Thursday, August 14, 2025

Spinning a random post from one Hodgepodge question

 


 This week there is just not time to write a Hodgepodge post.  Sometimes when that happens, I'm able to answer just one question and that works out great.  Not this time, though.  The one question I would have answered would have been about my favorite cookbook(s). 

That would take way more time than I have today, so I'm simply spinning it into a post about cooking magazines, vintage and newer, which I have always enjoyed cooking and baking from.  Most of the text is coming from a draft of a book I'm thinking of publishing about kitchens I have known and loved. 

You may never have heard of Farm Journal, a magazine which was subscribed to by farmers and ranches all over the United States — maybe Canada too.  In the 1960s my family subscribed to it.  Near the back of this magazine was a fairly hefty section just for women.  Loads of wonderful recipes that had been sent in by readers or developed in the Farm Journal test kitchen were featured here.  The recipes for a specific issue of the magazine often had a theme — say, garden produce, gifts from the kitchen, cakes, beef or chicken main dishes, or whatever.  When the Farm Journal arrived in our home and I got my hands on it, the recipes were the first things I turned to.  I imagine a lot of country women and teen girls did the same.  

Farm Journal cover from December 1961

And then, logically enough, Farm Journal began to produce cookbooks.  How I loved these books!  My mother purchased many of them — and later on, so did I.  There was a cookie cookbook, a large, comprehensive Country Cookbook, a freezing & canning cookbook, an Informal Entertaining Country Style Cookbook (one of my top favorites), a chocolate cookbook, a family favorites cookbook, a healthy snacks cookbook and many more.  

The Farm Journal Homemade Cookies cookbook

Thanks to the evocative and folksy writing style of Nell Nichols, the Farm Journal food editor,  I could read those volumes by the hour.  The recipes were so delicious, too.  The chocolate cookbook is completely spattered and freckled with brown from baking so many of the sweet treats.  The Family Favorites cookbook is another from which I made recipe after recipe.

When Taste of Home magazine came out, both my mother and I subscribed.  I had been  cooking in my own kitchen for some time at that point.  I think the reason we instantly fell in love with Taste of Home is that it had that same folksy feeling as Farm Journal.  Indeed, the reason Farm Wife News, of which Taste of Home was an offshoot, had originally been started was that all of the older farm magazines and journals had begun to discontinue their women’s sections.  Understandably, rural women missed that and were thrilled when Reiman Publications stepped into the void with Farm Wife News.  My mother subscribed to that, as did I after it became Country Woman.  Then Reiman branched out even more with Taste of Home, a cooking magazine loaded with recipes, and a staff of field editors from all over the United States and Canada.  I still have every Taste of Home issue I ever received, and I've cooked and baked from them often.  When Quick Cooking, later renamed Simple & Delicious, came along, I subscribed to those too.

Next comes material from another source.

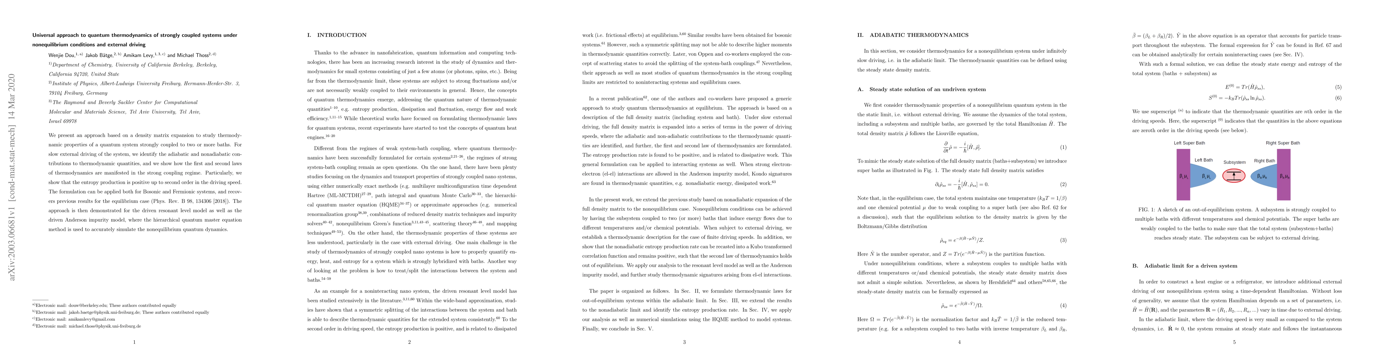 Researchers developed a new approach to study quantum thermodynamics in systems coupled to multiple baths under external driving conditions. They found that entropy production is positive up to second order in the driving speed for both Bosonic and Fermionic systems.

When each new issue arrived, I would always find a new recipe — usually many more than one — that I couldn’t wait to try.  My mother was the same, and so was my friend Marilyn — and later, my daughters when they had their own kitchens.  We would so often compare notes about what recipes appealed to our families and which one we would like to try first.  Some of my very best recipes came from Taste of Home or other Reiman publications.  Although I enjoyed submitting recipes to their contests, it came to the point where I was limited into which ones I could send in.  So many of our favorite recipes had come from there in the first place!

I stopped subscribing to any cooking magazines some years ago.  I have all of the recipes I will ever want or need (although that doesn't stop me from pinning more to my Pinterest boards!) and right now I am cooking with very limited ingredients due to a special diet my hubby is following.  And yet a couple of weeks ago in Maine, I picked up a free 2024 issue of Taste of Home in a thrift shop.  Must be I still find them somewhat irresistible!